▶ _RECORDED DATA_
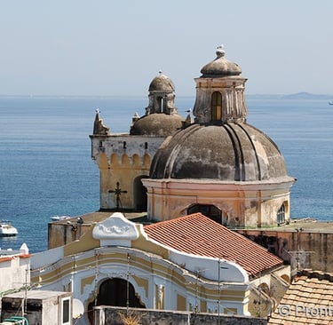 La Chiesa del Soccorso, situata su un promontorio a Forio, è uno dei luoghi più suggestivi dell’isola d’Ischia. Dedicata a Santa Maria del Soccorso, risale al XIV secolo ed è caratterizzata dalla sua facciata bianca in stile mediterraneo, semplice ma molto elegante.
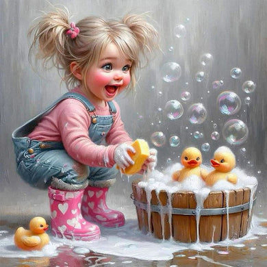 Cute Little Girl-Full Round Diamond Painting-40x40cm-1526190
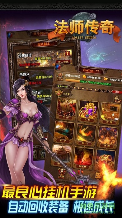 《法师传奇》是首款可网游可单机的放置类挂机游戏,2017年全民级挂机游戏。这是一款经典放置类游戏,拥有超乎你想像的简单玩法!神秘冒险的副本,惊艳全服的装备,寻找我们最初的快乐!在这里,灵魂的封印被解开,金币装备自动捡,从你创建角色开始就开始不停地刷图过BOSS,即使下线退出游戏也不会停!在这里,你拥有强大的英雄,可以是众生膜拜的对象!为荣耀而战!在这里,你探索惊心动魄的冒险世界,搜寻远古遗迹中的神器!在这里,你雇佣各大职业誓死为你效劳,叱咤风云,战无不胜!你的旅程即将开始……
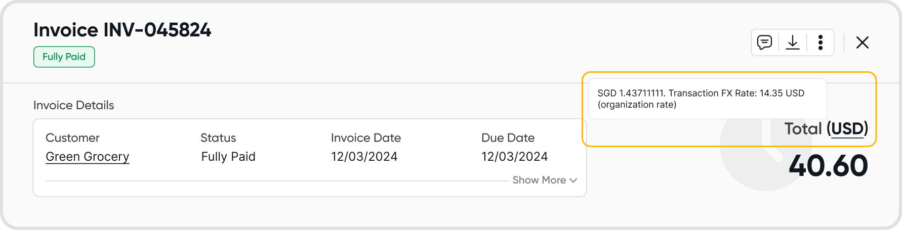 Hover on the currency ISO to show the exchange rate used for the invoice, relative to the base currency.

▶ _ASSIGNMENT_
Skipping the pictures, transcribe each line above exactly as it appears.

▶ _OUTPUT OF THE EXERCISE_
 La Chiesa del Soccorso, situata su un promontorio a Forio, è uno dei luoghi più suggestivi dell’isola d’Ischia. Dedicata a Santa Maria del Soccorso, risale al XIV secolo ed è caratterizzata dalla sua facciata bianca in stile mediterraneo, semplice ma molto elegante.
 Cute Little Girl-Full Round Diamond Painting-40x40cm-1526190
 《法师传奇》是首款可网游可单机的放置类挂机游戏,2017年全民级挂机游戏。这是一款经典放置类游戏,拥有超乎你想像的简单玩法!神秘冒险的副本,惊艳全服的装备,寻找我们最初的快乐!在这里,灵魂的封印被解开,金币装备自动捡,从你创建角色开始就开始不停地刷图过BOSS,即使下线退出游戏也不会停!在这里,你拥有强大的英雄,可以是众生膜拜的对象!为荣耀而战!在这里,你探索惊心动魄的冒险世界,搜寻远古遗迹中的神器!在这里,你雇佣各大职业誓死为你效劳,叱咤风云,战无不胜!你的旅程即将开始……
 Hover on the currency ISO to show the exchange rate used for the invoice, relative to the base currency.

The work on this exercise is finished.